THE TASK: When the line with "Title (ebay affiliate" comes up, set it down and every later line to the end of the data, exactly and without pictures.
⁂
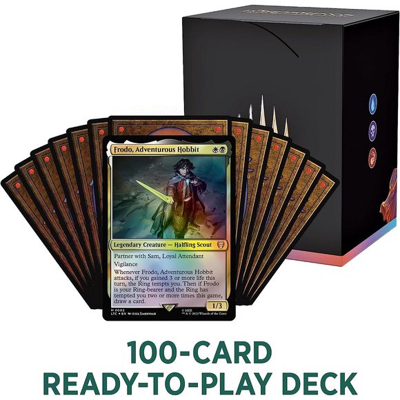 The beloved story and characters of The Lord of the Rings meet the thrilling gameplay of Magic: The Gathering in this The Lord of the Rings-themed Commander Deck. Try out Magic’s most popular format with a deck that’s ready to play right out of the box and fight for the fate of Middle-earth. The Lord of the Rings: Tales of Middle-earth Food and Fellowship Commander Deck set includes 1 ready-to-play White-Black-Green deck of 100 Magic cards (2 Traditional Foil Legendary Creature cards, 98 nonfoil cards), a 2-card Collector Booster Sample Pack (contains 1 Traditional Foil or nonfoil special treatment card of rarity Rare or higher and 1 Traditional Foil special treatment Common or Uncommon card), 1 foil-etched Display Commander (a thick cardstock copy of the commander card with foil etched into the card’s border and art), 10 double-sided tokens, 1 Helper card, 1 deck box (can hold 100 sleeved cards), 1 Life Wheel, 1 strategy insert, and 1 reference card.
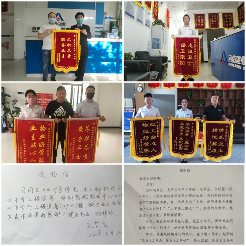 5月,建業(yè)物業(yè)各分支機構共發(fā)生好人好事627件,其中錦旗148面,感謝信181封,致電表揚等形式308次。
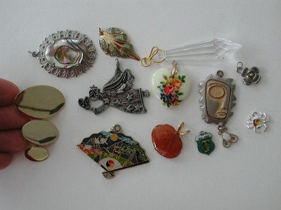 Title (ebay affiliate link): Vtg Assorted CHARMS PENDANTS Findings LOT Enamel milk glass Pewter, sterling
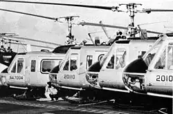 Air America Bell 205s being evacuated aboard USS Hancock, in 1975 - Budd RB-1 Conestoga
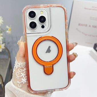 For iPhone 14 Pro Max Translucent 3 in 1 Holder MagSafe Phone Case(Orange)
⁂
WRITTEN ANSWER:
 Title (ebay affiliate link): Vtg Assorted CHARMS PENDANTS Findings LOT Enamel milk glass Pewter, sterling
 Air America Bell 205s being evacuated aboard USS Hancock, in 1975 - Budd RB-1 Conestoga
 For iPhone 14 Pro Max Translucent 3 in 1 Holder MagSafe Phone Case(Orange)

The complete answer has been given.